Была минута, когда она хотела разобраться в своих чувствах. Она представила себе, что свет ее изгнал, что родные от нее отреклись. После такого жестокого оскорбления, нанесенного мужу, гордость не позволит ей вернуться к нему. «Дарси меня любит, – думала она. – Я не могу никого любить, кроме него. Без него для меня нет счастья. С ним я буду счастлива всюду. Мы уедем вместе куда-нибудь, где я не буду встречаться с людьми, которые заставили бы меня краснеть. Пусть он увезет меня с собой в Константинополь…»
Дарси не догадывался, что делается в сердце Жюли. Он заметил, что они въезжают в улицу, где жила госпожа де Шаверни, и стал весьма хладнокровно натягивать лайковые перчатки.
– Кстати, – сказал он, – мне следует официально быть представленным господину де Шаверни… Я думаю, что мы скоро подружимся. Если меня представит госпожа Ламбер, я буду на хорошем счету в вашем доме… А пока что, раз он находится за городом, я могу вас посещать.
Слова замерли на устах Жюли. Каждое слово Дарси было для нее как острый нож. Как заговорить о бегстве, о похищении с этим человеком, таким спокойным, таким холодным, который думает только о том, как бы удобнее устроить эту любовную связь на летнее время? Она с яростью разорвала золотую цепочку, висевшую у нее на груди, и комкала в руках обрывки. Экипаж остановился у подъезда дома, где она жила. Дарси предупредительно окутал ее плечи шалью, поправил на ней шляпу… Когда дверца открылась, он почтительно подал ей руку. Но Жюли выскочила на тротуар, не приняв от него помощи.
– Я прошу у вас позволения, сударыня, – сказал он с глубоким поклоном, – навестить вас и справиться о вашем здоровье.
– Прощайте! – сказала Жюли сдавленным голосом.
Дарси сел в карету и велел везти себя домой, насвистывая с видом человека, очень довольного проведенным днем.
XIII
Как только он очутился в своей холостой квартире, он надел турецкий халат, туфли и, набив латакийским табаком длинную трубку с янтарным мундштуком и чубуком из боснийского боярышника, принялся курить с наслаждением, развалясь в большом мягком кресле, обитом сафьяном. Людям, которые удивились бы, застав его за таким вульгарным занятием, тогда как ему следовало бы предаваться более поэтическим мечтам, можно ответить, что для мечтательности добрая трубка если не необходима, то, во всяком случае, полезна и что вернейшее средство с блаженством вкушать наслаждение, состоит в совмещении его с другим наслаждением. Один из моих друзей, человек очень чувственный, никогда не распечатывал письма от своей любовницы раньше, чем не снимет галстука, не затопит камина (если дело происходило зимой) и не ляжет на удобный диван.

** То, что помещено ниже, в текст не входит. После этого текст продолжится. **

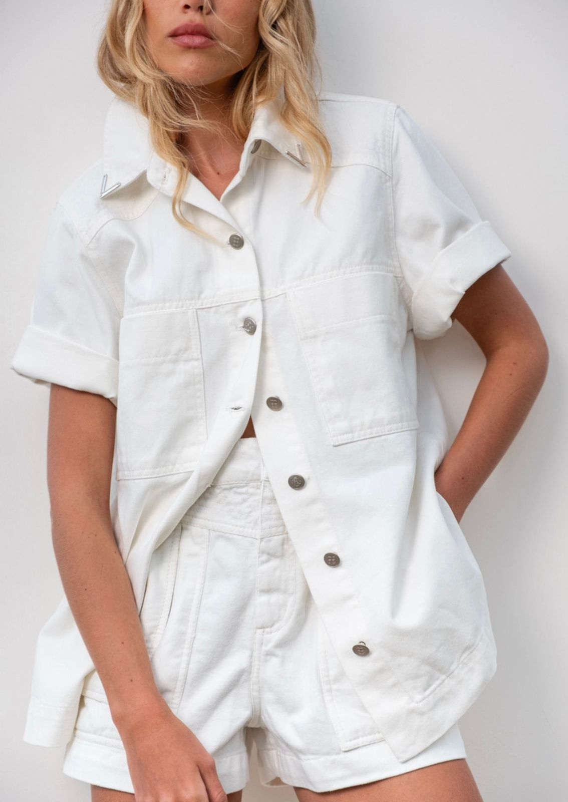 CAMISA OASIS- FECHAMENTO EM BOTÃO FRONTAL E BOLSO QUADRADO, DETALHE DE PESPONTO NO OMBRO, GOLA COM PONTEIRA EM METAL, FENDA NA LATERAL PREGA MACHO NA PARTE DE TRAS

«Действительно, – подумал Дарси, – я был бы очень глуп, если бы последовал совету Тиррела и купил греческую невольницу, с тем чтобы везти ее в Париж. Черта с два! Это было бы то же, что возить винные ягоды в Дамаск, как говаривал друг мой Халеб-эфенди. Слава богу, цивилизация за мое отсутствие далеко шагнула вперед, и, по-видимому, строгость нравов не доведена до крайности… Бедняга Шаверни!.. Ха-ха! А ведь если бы несколько лет тому назад я был достаточно богат, я бы женился на Жюли и, может быть, сегодня вечером отвозил бы ее домой именно Шаверни. Если я когда-нибудь женюсь, я буду часто осматривать экипаж своей жены, чтобы она не нуждалась в странствующих рыцарях, которые ее вытаскивали бы из канавы… Ну что ж, подведем итог. В конце концов, она очень красивая женщина, неглупа, и, будь я помоложе, я, пожалуй, мог бы приписать все случившееся моим исключительным достоинствам! Да, мои исключительные достоинства! Увы, увы, через месяц, может быть, мои достоинства будут на уровне достоинств этого господина с усиками… Черт! Хотелось бы мне, чтобы малютка Настасья, которую я так любил, умела читать, писать и вести разговор с порядочными людьми… Кажется, это единственная женщина, которая меня любила… Бедное дитя!..»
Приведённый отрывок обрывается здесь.